ウチそと研通信111 −『アンドレ・カイヤット「シンデレラの罠」の記憶』−

たまに以前見て面白いと思った映画をDVDなどで見直すことがある。あらためて見ると自分の中の漠然とした映画の記憶の塊がもう一度洗い直される。見直す映画も二十歳代までに見たものが、印象の食い違いに大きな差が出てくるようで面白い。トリュフォの映画ではその違いがよく感じられたりするし、ロベール・アンリコの映画もそのような気持ちになることが多い。二人ともどこか青春の映画という感じもあり、経験を含めて見る側の年齢という要素が大きいのだろう。そうしたなかでいつか見直してみたいという映画がいくつかあるが、なかなか見ることができない映画もいくつかある。機会をあらためて何度かウェブで検索してもまだDVDを見つけることのできない作品というのがさすがにあって、残念という気もするがこれはこれで良い事かもしれない。
そのような気になる映画のひとつにアンドレ・カイヤットが1966年に監督した「シンデレラの罠」というモノクロームの映画がある。別に傑作と目されているわけでもなく、地味な推理仕立ての映画と言ったらよいかもしれない。この映画には原作があって、その翻訳を読んだのは映画を見てからずいぶん後のことだ。この映画を見たあとの長い時間、自分のなかで気になり続けていて、幾分かでも映画について知りたいと手に入れたのだと思う。セバスチャン・シャプリゾという作者の、映画と同名の推理小説はフランスで賞を取ったということで、フランスではかなり評判になったものだと思われる。原作者はジャン・バチスト・ロッシの本名で脚本にも参加している。カイヤットの映画は小説の骨格を踏んでいるけれど、小説とは微妙にそして大変に違いがあるようで、原作を翻訳で読む印象より映画のほうが好ましいというのを今でも思う。

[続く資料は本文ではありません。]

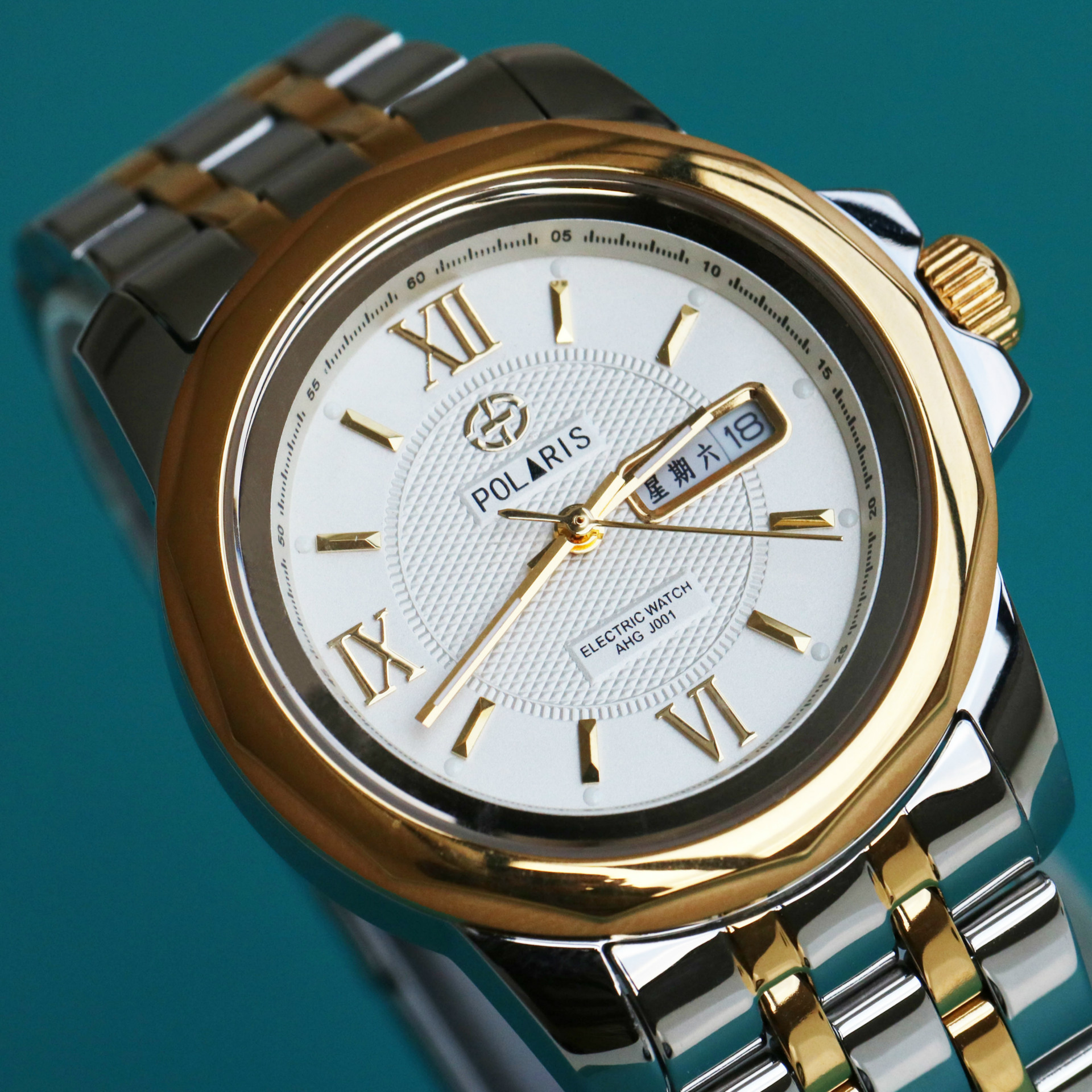 ⑵把时针调到6:00-9:00之间后,将手表调节钥匙往里推移一档(档调星期日历),由下往上拧调星期,由上往下拧调日期。

物語はお金持ちの娘である「ミ」とその親戚の背丈の似た貧しい娘「ド」の二人の娘が同じ場所で大火事に会い、その火事で記憶を失くし、火傷により元の顔もわからなくなって片方の娘が生き残る。二人の間には確執があり、火事にも事件性が感じられる。この記憶と元の顔を失ってそのどちらかであるか自分自身わからない娘が、傷から回復して記憶を喪失したままふたたび暮らしを開始するのだが、はたして「わたし」は「ミ」と「ド」のどちらなのだろうか。これが映画全体のスリルを引っ張ってゆくテーマとなっている。原作では安香水の名前として示される「シンデレラの罠」というタイトルは皮肉さとロマンティックな気分を含んでいて好ましい。映画は発端の大火事を思い起させる、事故とも主人公の自死とも見られる曖昧な状況の結末を迎えるが、この結末は小説より朦朧とした形で提示される。主人公が「ミ」であるのか「ド」であるのか分明でないままに終わるように記憶している。たぶんこの曖昧、朦朧と感じられた部分に長い間、惹きつけられていたのではないか、とそう思う。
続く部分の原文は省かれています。